Cephus Weatherspoon is a former American football wide receiver who played professionally for the New Orleans Saints of the National Football League and the Birmingham Vulcans of the World Football League.

Weatherspoon attended Fort Lewis College, where he also played basketball as a guard, after transferring from Mesa Community College.  He was drafted by the Saints in the 13th round of the 1972 NFL Draft with the 320th overall pick.  The Saints said of him that he is "A quick starter who can accelerate rapidly – and he can make nifty moves at top speed (4.6)...He has quick hands and feet and an excellent attitude." The Saints waived him towards the end of the preseason but then signed him to their taxi squad.  He was activated for the Saints' November 8 game against the Minnesota Vikings when linebacker Ray Hester and running back Arthur Green were injured and played mostly on special teams.  He was returned to the taxi squad after the game.

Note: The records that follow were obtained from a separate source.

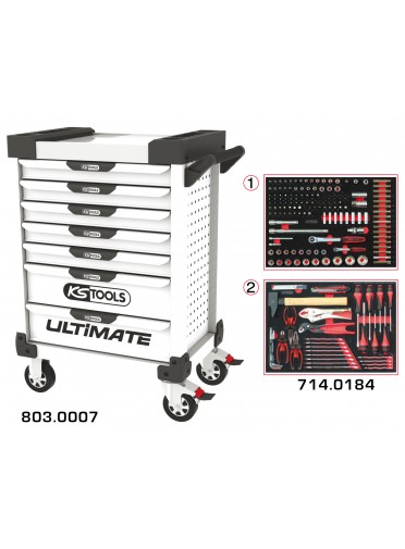 Servante ULTIMATE blanche 7 tiroirs équipée de 184 outils
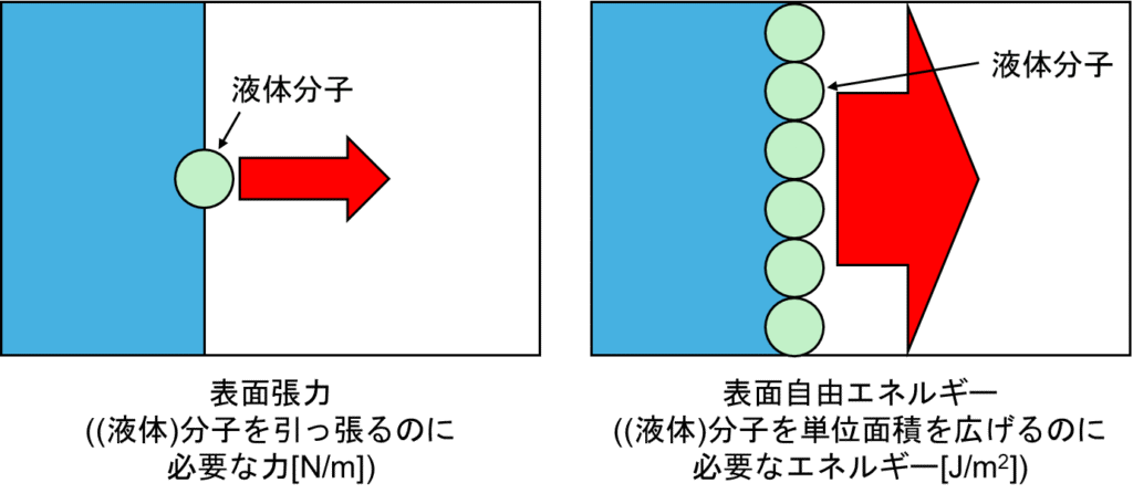 ここまで説明しておいて、ネタばらしになりますが、液体において、表面張力と表面自由エネルギーは同じです(上述の通り、表面張力を議論できるのは液体のみのため)。
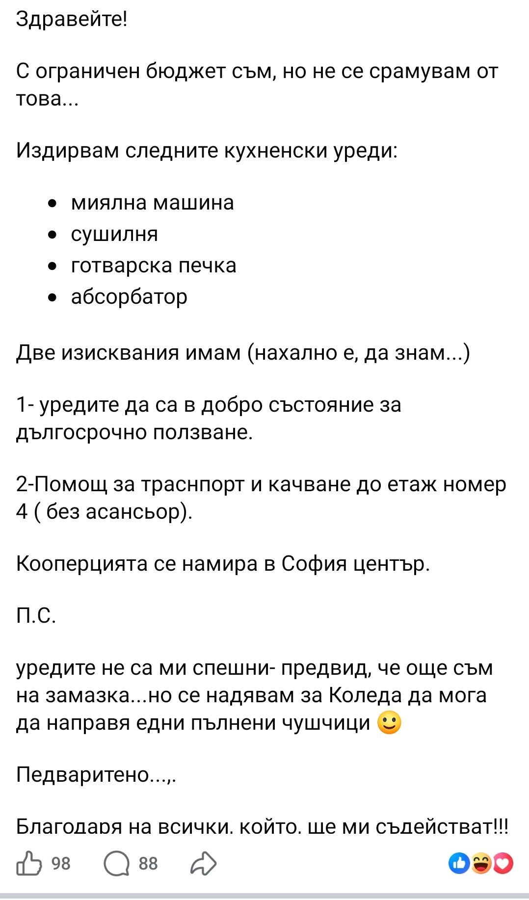 Не мога да повярвам вече ,не е срамно да нямаш пари,но да искаш уреди,които не са от първа необходимост,че и условие за качване . Значи аз хем трябва да ги подаря ,хем да го играя хамалин. Единствено бих подкрепила за отоплителен уред,готварска печка и хладилник.
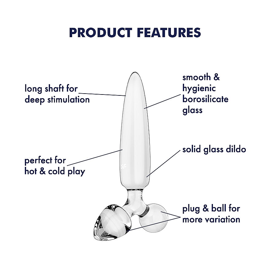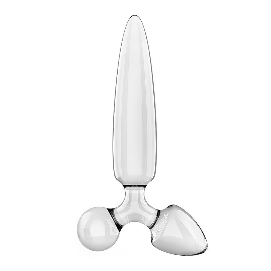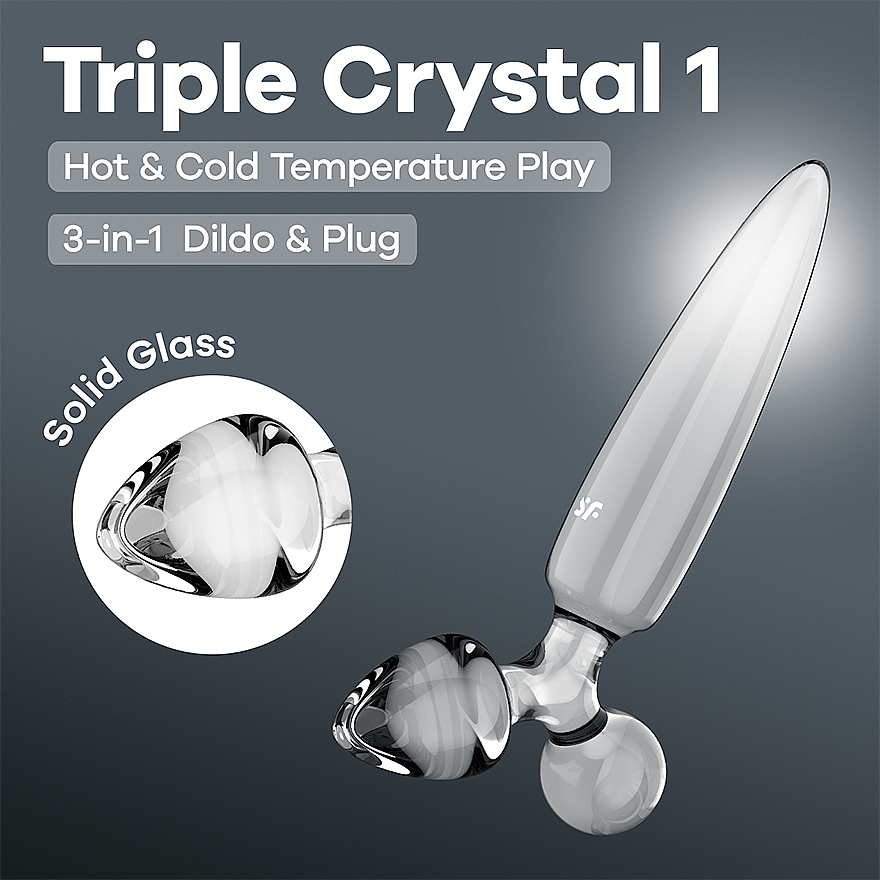 Satisfyer Triple Crystal 1 (Transparent) is a sensual glass dildo delivering triple bliss. Its 21 cm tapered shaft dives exactly where you want it, while two smaller, differently shaped plugs invite you to switch tempos and sensations. The silky-smooth surface glides like satin and, with a drop of lube, turns into a seamless dance across your curves. Temperature-resistant borosilicate glass unlocks hot and cold play—warm it in water or chill it in the fridge and let your nerve endings sparkle. The wide base keeps everything safely anchored, making it an ideal choice for anal pleasure too. The unisex design welcomes solo play and partner foreplay alike—on clitoris, vagina, and anus—and even doubles as a luxurious full-body massager. Durable glass is shatterproof, lightweight, hygienic, and easy to clean. Satisfyer Triple Crystal 1 (Transparent) is a crystal invitation to precise stimulation that pampers every millimeter of your body.
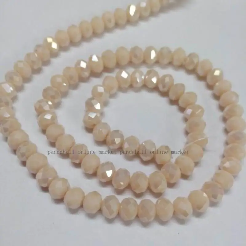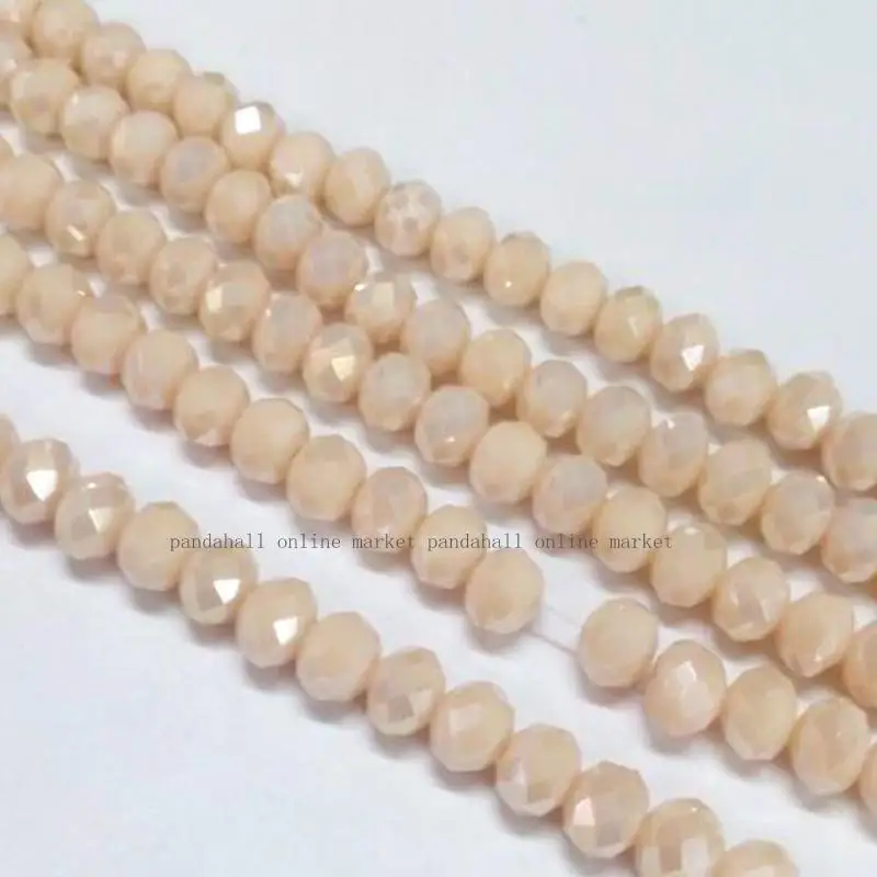 Electroplate Opaque Solid Color Crystal Glass Abacus Beads Strands, Faceted, AB Color Plated, Bisque Size: about 6mm in diameter, 4mm thick, hole: 1mm, about 95pcs/strand, 16.9". These glass beads are processed by electroplate technology, which can reflect dazzling light. Lovely colors and well-polished appearance win immediate popularity. It is widely used during jewelry design or even costume design. If you like fashion design, don\'t miss these charming glass beads.
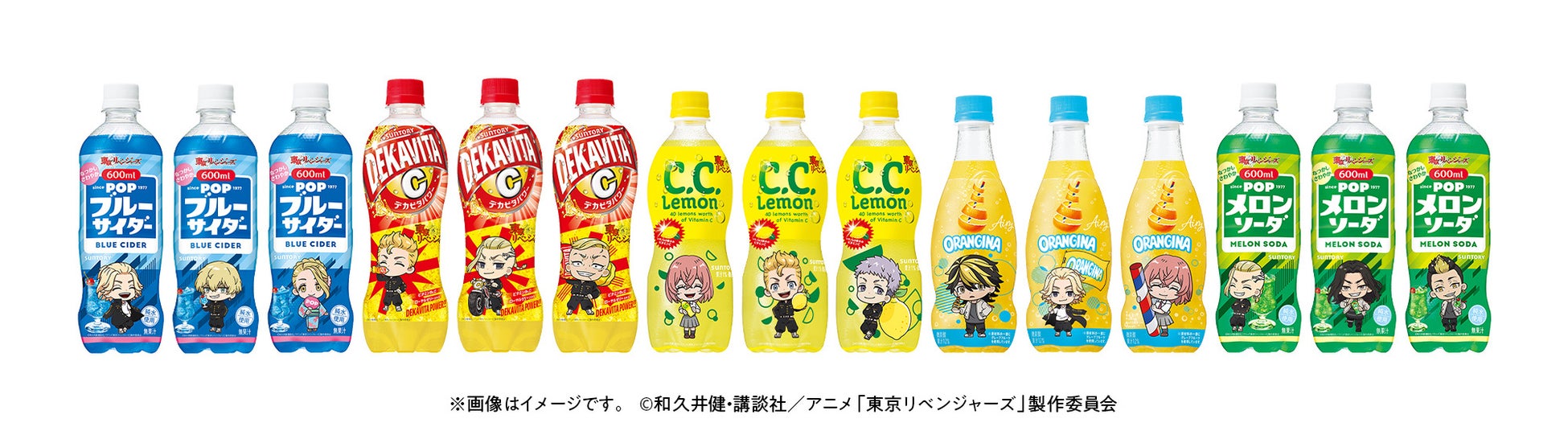 TVアニメ『東京リベンジャーズ』のオリジナルイラストのデザインラベルを「デカビタパワー 500ml」「C.C.レモン 500ml」「オランジーナ エアリー 420ml」「POP メロンソーダ 600ml」「POP ブルーサイダー 600ml」の全15種で展開します。

Saints' coach J.D. Roberts felt that Weatherspoon had improved going into the 1973 preseason.  But Roberts was fired during the preseason and Weatherspoon was cut without playing a regular season game that season.  In 1974 he signed with the Denver Broncos but was cut before the season began.

In 1975 Weatherspoon signed with the Southern California Sun of the World Football League along with his brother Ed, a defensive back who had previously been with the Houston Oilers during the 1973 preseason.  Cephus was traded to the Vulcans at the end of July, just before the regular season began.  In the opening game against the Chicago Winds on August 2 he caught a 53-yard pass from Matthew Reed to set up the Vulcans' only touchdown in their victory.  That was to be Weatherspoon's only reception as a pro.  Ed remained with the Sun, where he intercepted two passes and returned two punts before being waived in September.  The league folded before the end of the 1975 season.  In 1976 and 1977 Weatherspoon played semi-pro football.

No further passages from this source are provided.